I recently travelled to Iraq at my own expense to write a piece about war graves. Within five hours of the story's publication by the Times, huge chunks of it appeared on Mail Online – under someone else's byline.

I recently returned from a trip to Iraq, and wrote an article for the Times on the desecration of Commonwealth war cemeteries in the southern cities of Amara and Basra. It appeared in Monday’s paper, and began:

“‘Their name liveth for evermore’, the engraving reads, but the words ring hollow. The stone on which they appear lies shattered in a foreign field that should forever be England, but patently is anything but.”

By 6am, less than five hours after the Times put it online, a remarkably similar story had appeared on Mail Online, the world’s biggest and most successful English-language website with 200 million unique visitors a month.

It began: “Despite being etched with the immortal line: ‘Their name liveth for evermore’, the truth could not be further from the sentiment for the memorials in the Commonwealth War Cemetery in Amara.”

The article ran under the byline of someone called Euan McLelland, who describes himself on his personal website as a “driven, proactive and reliable multi-media reporter”. Alas, he was not driven or proactive enough to visit Iraq himself.

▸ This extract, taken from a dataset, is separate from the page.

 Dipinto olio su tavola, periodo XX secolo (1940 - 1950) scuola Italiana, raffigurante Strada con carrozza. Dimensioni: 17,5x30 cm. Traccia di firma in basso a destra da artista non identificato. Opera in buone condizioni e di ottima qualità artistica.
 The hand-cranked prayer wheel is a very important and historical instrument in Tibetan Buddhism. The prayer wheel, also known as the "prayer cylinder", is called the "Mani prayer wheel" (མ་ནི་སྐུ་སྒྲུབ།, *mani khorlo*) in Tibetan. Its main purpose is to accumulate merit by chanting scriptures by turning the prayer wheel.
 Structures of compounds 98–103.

His story was lifted straight from mine – every fact, every quote, every observation, the only significant difference being the introduction of a few errors and some lyrical flights of fancy. McLelland’s journalistic research extended to discovering the name of a Victoria Cross winner buried in one of the cemeteries – then getting it wrong.

Within the trade, lifting quotes and other material without proper acknowledgement is called plagiarism. In the wider world it is called theft. As a freelance, I had financed my trip to Iraq (though I should eventually recoup my expenses of nearly £1,000). I had arranged a guide and transport. I had expended considerable time and energy on the travel and research, and had taken the risk of visiting a notoriously unstable country. Yet McLelland had seen fit not only to filch my work but put his name on it. In doing so, he also precluded the possibility of me selling the story to any other publication.

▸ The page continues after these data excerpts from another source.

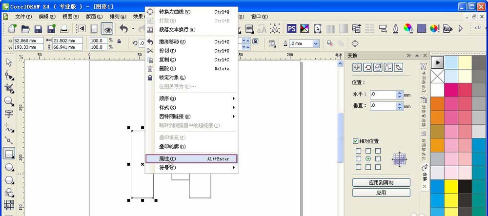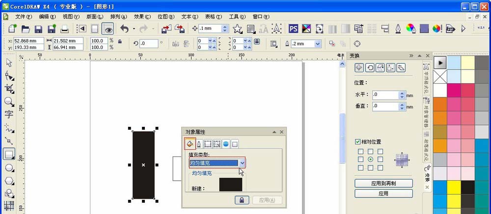 2、画好了以后,就是它填充一下颜色,因为在后期还需要重新填色,所以在这里我们随便填充一个什么颜色无所谓。我这里填充为黑色,填充的方法很简单,在选中的区域点右键——属性,然后选择均匀填充即可,默认就是黑色的。其他区域按此方法依次填充.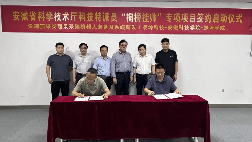 安徽省科学技术厅科技特派员“揭榜挂帅”农业物质技术装备专项项目,属于安徽省科技重大专项项目,我校机械工程学院材料成形及智能装备团队申报的“设施茄果类蔬果智能采摘机器人装备及系统研发”获批立项,这也是kaiyun开云官方网站_kaiyun开云(中国)股份有限公司,首次获批省级揭榜挂帅项目;该项目省级支持资金100万,地方按照1:1配套资金。2023年6月2日,发榜方和揭榜方在安徽凌坤智能科技有限公司举行项目启动和各方责任履约签约仪式,蚌埠市科技局副局长杨怀波、kaiyun开云官方网站_kaiyun开云(中国)股份有限公司,科研处处长陈丰、安徽凌坤智能科技有限公司董事长潘成刚等参加签约启动仪式。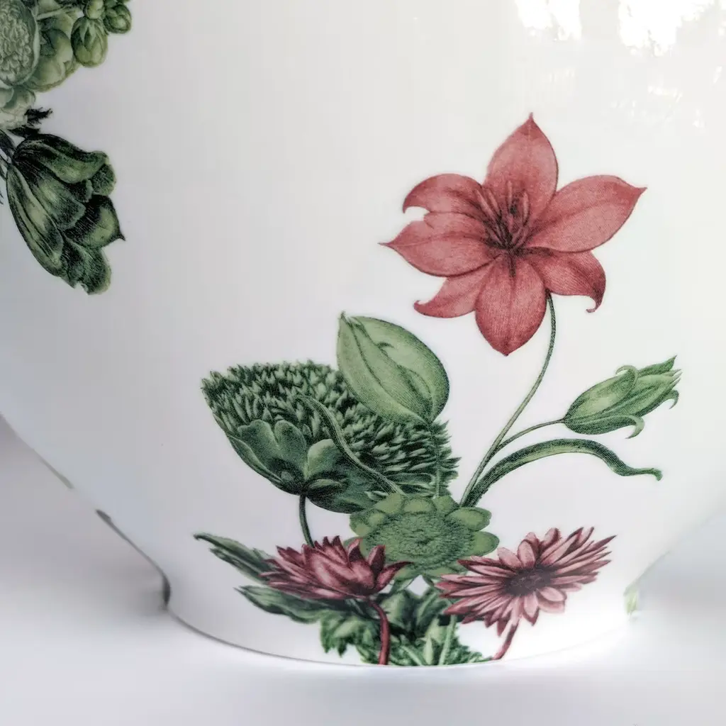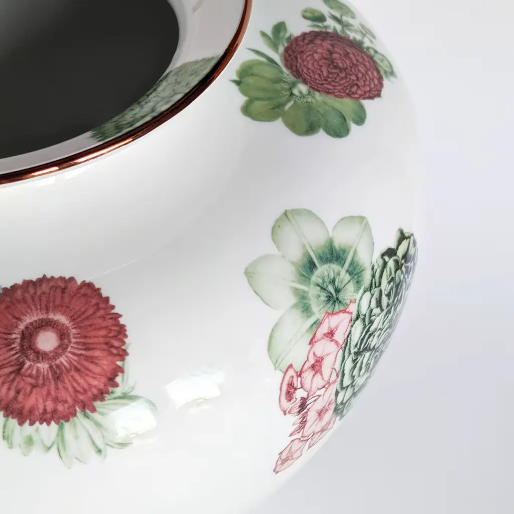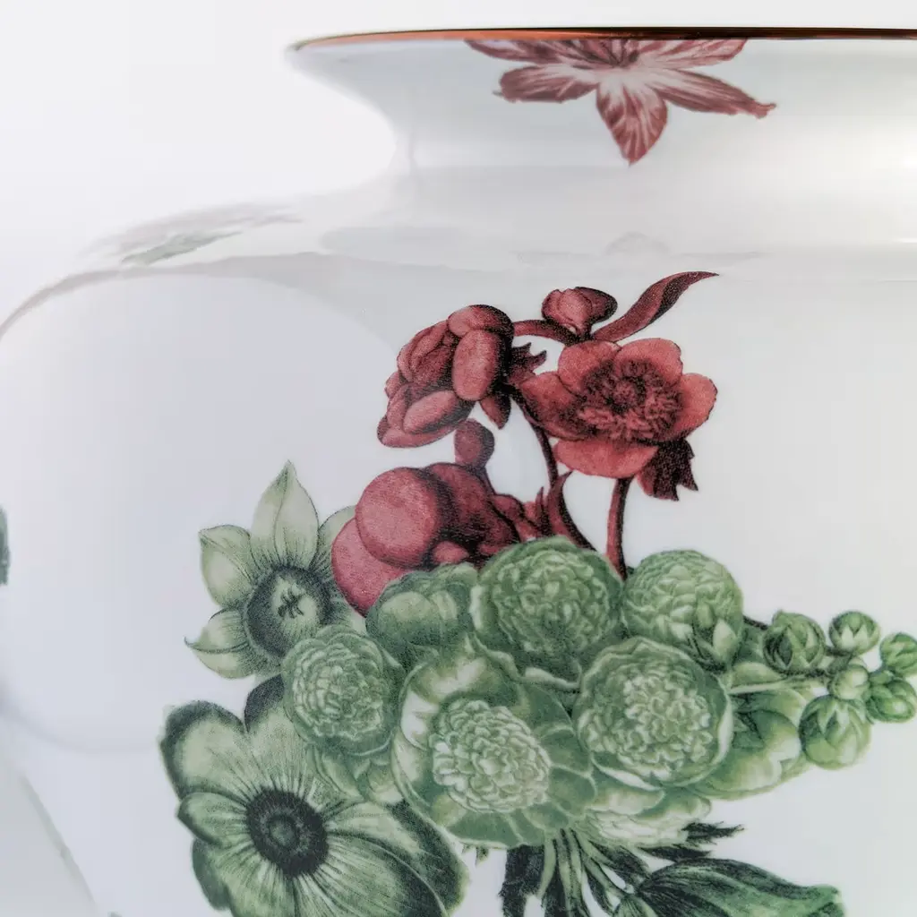 This delightful porcelain vase is sure to accent any decor with its romantic appeal, achieved by combining a classic and sinuous silhouette in fine porcelain with a feminine floral pattern with leaves and blossoming buds painted in pinkish-red and vibrant green. Ideal for hosting elegant flower arrangements, it will make for a superb addition to side tables, desks, or consoles.

I’m being unfair, of course. McLelland is merely a lackey. His job is to repackage and regurgitate. He has no time to do what proper journalists do – investigate, find things out, speak to real people, check facts. As the astute media blog SubScribe pointed out, on the same day that he “exposed” the state of Iraq’s cemeteries McLelland also wrote stories about the junior doctors’ strike, British special forces fighting Isis in Iraq, a policeman’s killer enjoying supervised outings from prison, methods of teaching children to read, the development of odourless garlic, a book by Lee Rigby’s mother serialised in the rival Mirror, and Michael Gove’s warning of an immigration free-for-all if Britain brexits. That’s some workload.

Last year James King published a damning insider’s account of working at Mail Online for the website Gawker. “I saw basic journalism standards and ethics casually and routinely ignored. I saw other publications’ work lifted wholesale. I watched editors...publish information they knew to be inaccurate,” he wrote. “The Mail’s editorial model depends on little more than dishonesty, theft of copyrighted material, and sensationalism so absurd that it crosses into fabrication.”

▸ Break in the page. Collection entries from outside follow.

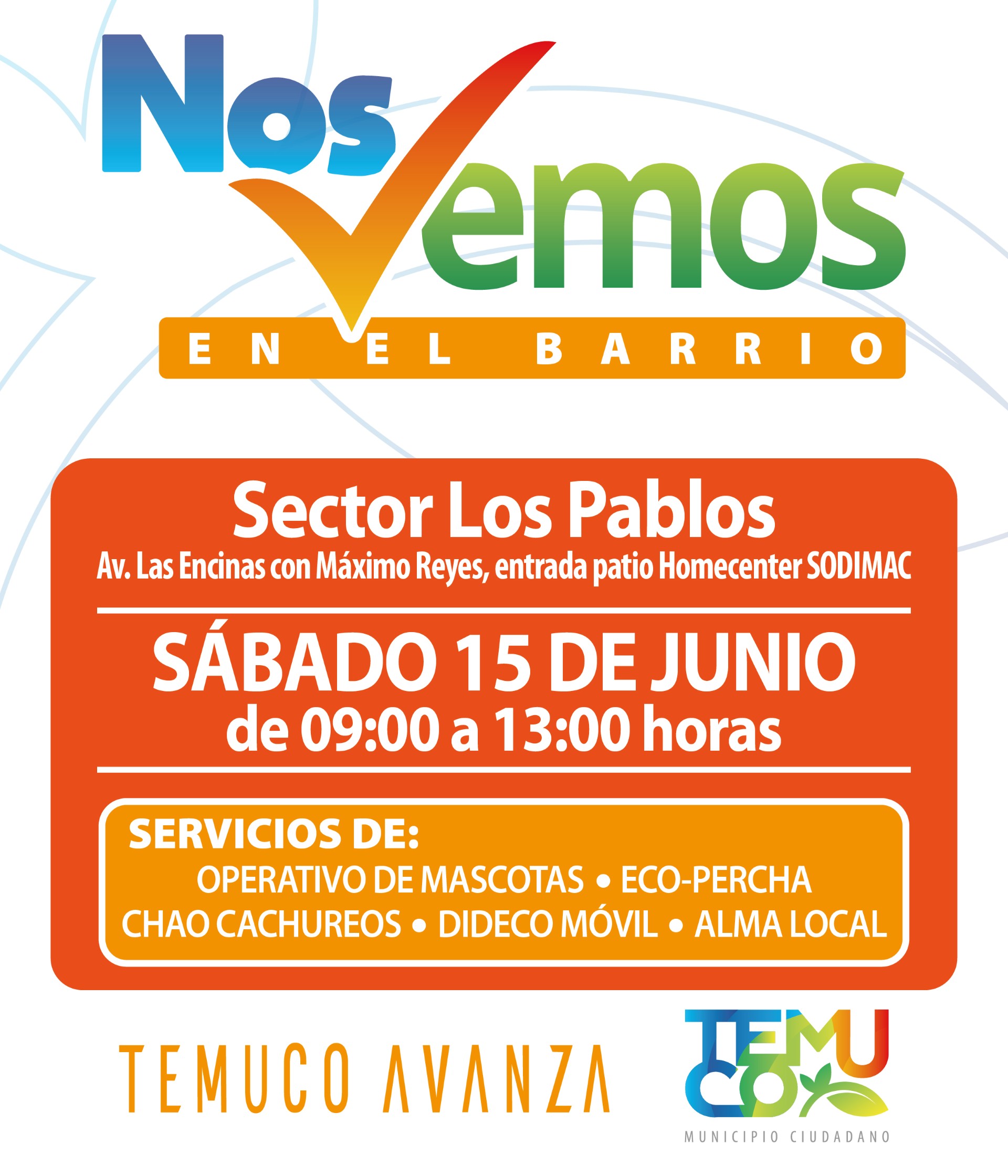 A raíz del éxito de los operativos en terreno como Chao Cachureos o Mascotas en tu barrio, la municipalidad de Temuco comenzará a implementar, a partir de este fin de semana, el programa “Nos Vemos en el barrio”, iniciativa que concentrará diferentes acciones en los sectores de la comuna, acercando los servicios municipales y ofreciendo un espacio de interacción entre los vecinos.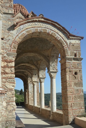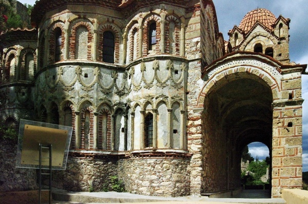 Один из интересных примеров сохранения и переосмысления римской триумфальной схемы возникает в поздневизантийском комплексе — Монастыре Пантанасса в Мистре (1428). Здесь мотив монументальной арочной галереи, обрамляющей фасад, наследует римскую масштабность и конструктивную ясность. Однако он полностью интегрирован в структуру православного храма, становясь не символом военного триумфа, а архитектурным обрамлением для священного пространства, «вратами» в духовный мир. Этот объект демонстрирует, как имперский римский прототип был ассимилирован иконографией и функцией христианской архитектуры. Столетия спустя объект станет образцом для неовизантийских реплик.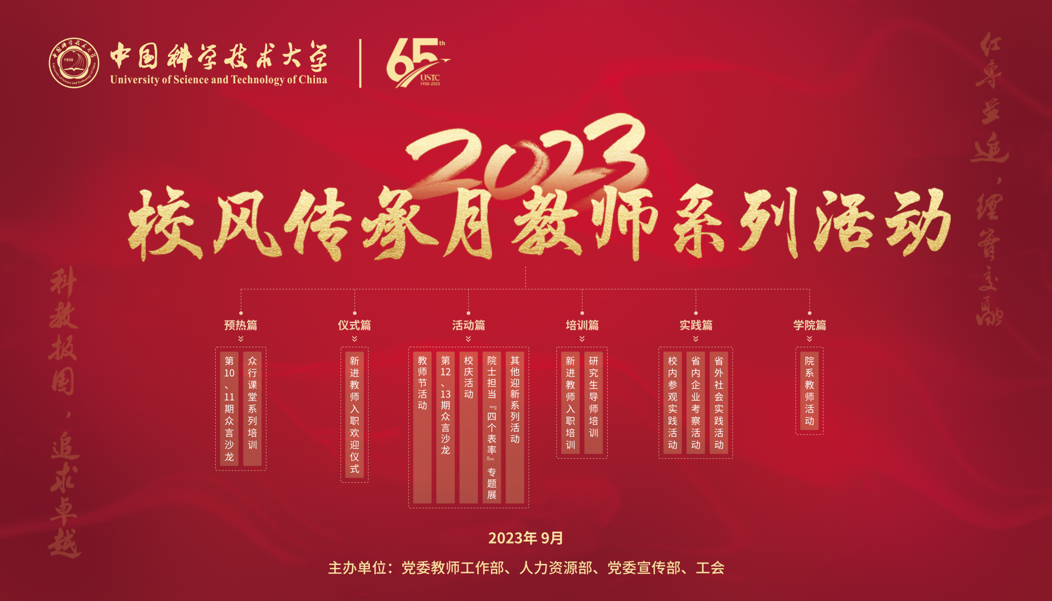 在第39个教师节和65周年校庆来临之际,根据教育部及安徽省有关文件精神,为进一步加强新形势下师德师风建设,教育引导广大教师传承优良校风,涵养高尚师德,学校决定在全校范围开展2023年校风传承月教师系列活动(活动详情请见附件1-4)。现将有关安排通知如下。

Mail Online strenuously denied the charges, but there is plenty of evidence to support them. In 2014, for example, it was famously forced to apologise to George Clooney for publishing what the actor described as a bogus, baseless and “premeditated lie” about his future mother-in-law opposing his marriage to Amal Alamuddin.

That same year it had to pay a “sizeable amount” to a freelance journalist named Jonathan Krohn for stealing his exclusive account in the Sunday Telegraph of being besieged with the Yazidis on northern Iraq’s Mount Sinjar by Islamic State fighters. It had to compensate another freelance, Ali Kefford, for ripping off her exclusive interview for the Mirror with Sarah West, the first female commander of a Navy warship.

Incensed by the theft of my own story, I emailed Martin Clarke, publisher of Mail Online, attaching an invoice for several hundred pounds. I heard nothing, so emailed McLelland to ask if he intended to pay me for using my work. Again I heard nothing, so I posted both emails on Facebook and Twitter.

I was astonished by the support I received, especially from my fellow journalists, some of them household names, including several victims of Mail Online themselves. They clearly loathed the website and the way it tarnishes and debases their profession. “Keep pestering and shaming them till you get a response,” one urged me. Take legal action, others exhorted me. “Could a groundswell from working journalists develop into a concerted effort to stop the theft?” SubScribe asked hopefully.

Then, as pressure from social media grew, Mail Online capitulated. Scott Langham, its deputy managing editor, emailed to say it would pay my invoice – but “with no admission of liability”. He even asked if it could keep the offending article up online, only with my byline instead of McLelland’s. I declined that generous offer and demanded its removal.

When I announced my little victory on Facebook some journalistic colleagues expressed disappointment, not satisfaction. They had hoped this would be a test case, they said. They wanted Mail Online’s brand of “journalism” exposed for what it is. “I was spoiling for a long war of attrition,” one well-known television correspondent lamented. Instead, they complained, a website widely seen as the model for future online journalism had simply bought off yet another of its victims.